In the snapshot illustrated above, SA has identified potential data exfiltration acitivity by correlating different pieces of network data together such as IP-by-country and packet capture that confirms a data channel.
One common method of obfuscating a file transfer is by tunneling ftp traffic over non-standard ports. This method is commonly referred to as a covert-channel, however, it is not limited to just ftp traffic. Covert channel is a method by which packet data is transmitted through ports over which they would generally not travel as is common in many P2P applications. The concern with this type of traffic is that it is a common vector for C2 communications as C2 traffic is commonly sent over IRC.
As we follow a suspected file transfer, we’re able to simply click the suspicious activity and identify the destination country that the file was sent to, in this case, Uzbekistan. Off course, many organizations do business with Uzbekistan and it is totally plausible that this is legitimate traffic in those organizations, however, in this case, we did not and as such, tagged this as a suspicious activity. The screen below identifies the file transfer, including username/password, ports and the file name that was transmitted. This activity will now trigger and investigation and determination as to why this took place and if there is any need for further action.
The illustration below demonstrates an IRC based covert channel activity, the IRC traffic is attempting to hide in a non-standard port, upon inspection of which, it is discovered that the exchange has attempted to download and execute malicious code. This code could be the basis of a botnet C2 establishment or installation of other virus or malware. One might think that a hardened operation system along with good Antivirus protection would mitigate this type of an attack or activity, however, with remote command shell exploitation and zero day threats, these attacks commonly bypass antivirus and anti-malware filters and detection engines. Now the attacker can pivot to an escalation of privilege attack and get this host to either participate in malicious activity or simply is the destination system the hacker was attempting to infiltrate.
The last example below is a capture of another service, Gnutella, as it was being utilized to download a Flash installation from Macromedia/Adobe’s website. This is a perfect example of a P2P site that tunnels traffic over HTTP, but because the HTTP header information is suspicious (low header count), this traffic is flagged by SA for an administrator to further review. Here, Gnutella triggered a “get” HTTP command and we are able to dissect the event and reconstruct it per preceding screenshots and packet samples. The packet capture indicates that the session initiated to get an updated of Flash Player.

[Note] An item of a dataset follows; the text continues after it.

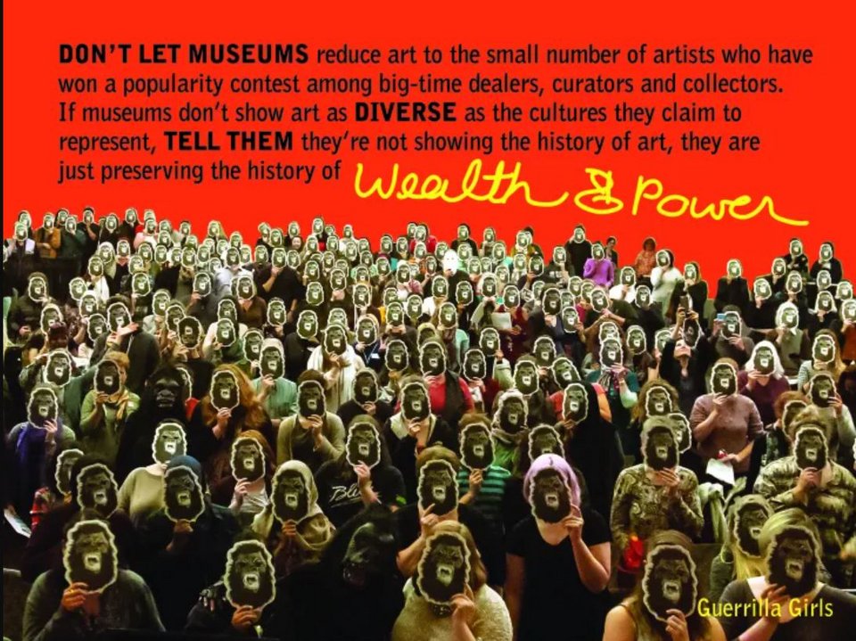 Όμως αυτό που έχει ξεχωριστό ενδιαφέρον είναι ότι συνοδεύουν τα περισσότερα έργα τους με ειδικές λεζάντες, ουσιαστικά κείμενα που εμβαθύνουν στην παρέμβασή τους και είναι όλες γραμμένες από τα Guerrilla Girls. Η έκθεση είναι οργανωμένη σε τρεις ενότητες, αλλά όχι χρονολογικά. Στην πρώτη εντοπίζουμε την έναρξη της δουλειάς τους που αφορά στην χαμηλή εκπροσώπηση των γυναικών στα μουσεία, αλλά και τον τρόπο που η γυναίκα προβάλλεται μέσα στην τέχνη των μουσείων με την ματιά και τον δημιουργικό τρόπο ανδρών καλλιτεχνών.

The figure above is a live packet capture event reconstruction as it indicates Gnutella traffic over port 80 during a “GET” http command execution from host fpdownload2.macromedia.com of Flash.

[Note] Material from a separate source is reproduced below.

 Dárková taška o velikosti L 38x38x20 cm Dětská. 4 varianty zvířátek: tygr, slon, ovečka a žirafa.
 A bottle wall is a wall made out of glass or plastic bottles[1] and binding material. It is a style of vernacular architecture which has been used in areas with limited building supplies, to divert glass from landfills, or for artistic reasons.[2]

To summarize, C2 and malicious traffic evasion tactics are evolving, as malicious actors attempt to stay ahead of the malware research community. Malware is becoming more difficult to analyze as writers prevent execution of the malicious code in a sandbox if the code detects a human is not executing it via mouse or keyboard commands or if the process is not executing on a human interfacing system, i.e a user PC or server. Furthermore, such activity hides behind encrypted, covert channels to take it up another notch. The adversary will become more sophisticated and determined as the motivation for such actions continue to be either financial or political edge, placing you, on the front lines of a full-fledged cyber warfare.